December 04, 2011

Treasures and Priorities

The crash, followed by silence meant trouble.  I rushed into the kitchen and immediately saw the shattered plate on the counter. My eyes then flew to my husband. He stood by the sink running water over the fingers on his right hand.

"Are you hurt?"

"Burned my hand pretty good."

"Oh, Honey. Are you alright?"

"I'll know in a minute."

"What happened?"

"I didn't realize I'd turned the burner on under the plate and when I touched the plate, it of course burned me. I pushed the plate off the burner, but it shattered when it touched the counter."

"Were you cut?"

"No. Just burned."

I looked at the shattered plate.
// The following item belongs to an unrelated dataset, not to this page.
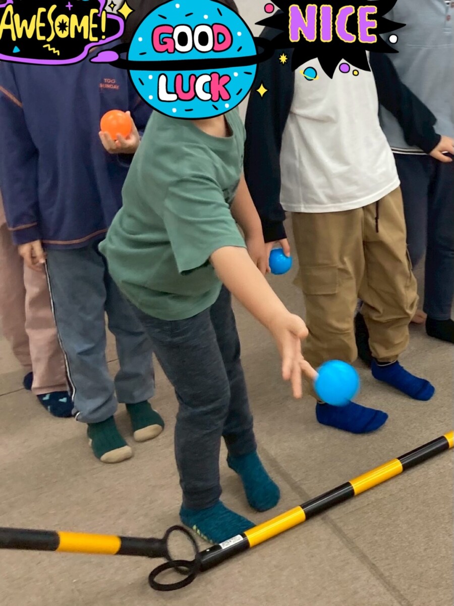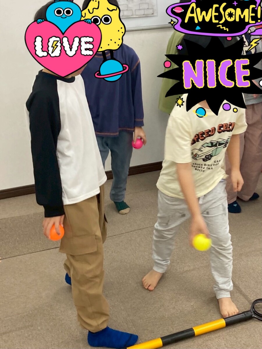 みんなが簡単そうにボールを投げ入れるので、途中から椅子をもっと遠くに置いて難易度を上げています。難しくなっても気持ちが乱れたりせず最後まで楽しく参加することができました。
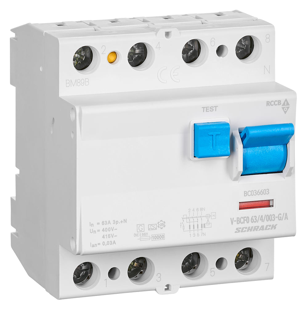 FI-Schalter, 63A, 4-polig, 30mA, vsf., Bauart G, Typ A

It was a piece of Franciscan China given to me forty years ago as a wedding present. Although that wedding ended in divorce, it had been given to me by my family and I treasured it. Since marrying Bill, pieces, mostly dinner plates, had been gradually disappearing. The set was now down to only five dinner plates out of the original eight. I had not heard the story behind the other disappearances, and could only wonder at how they met their demise. 

I pushed those thoughts aside and turned back to my husband. Large blisters emerged on all five of his finger tips.

"Honey, you really should put some burn cream on those and then bandage them."

"I'll think about it."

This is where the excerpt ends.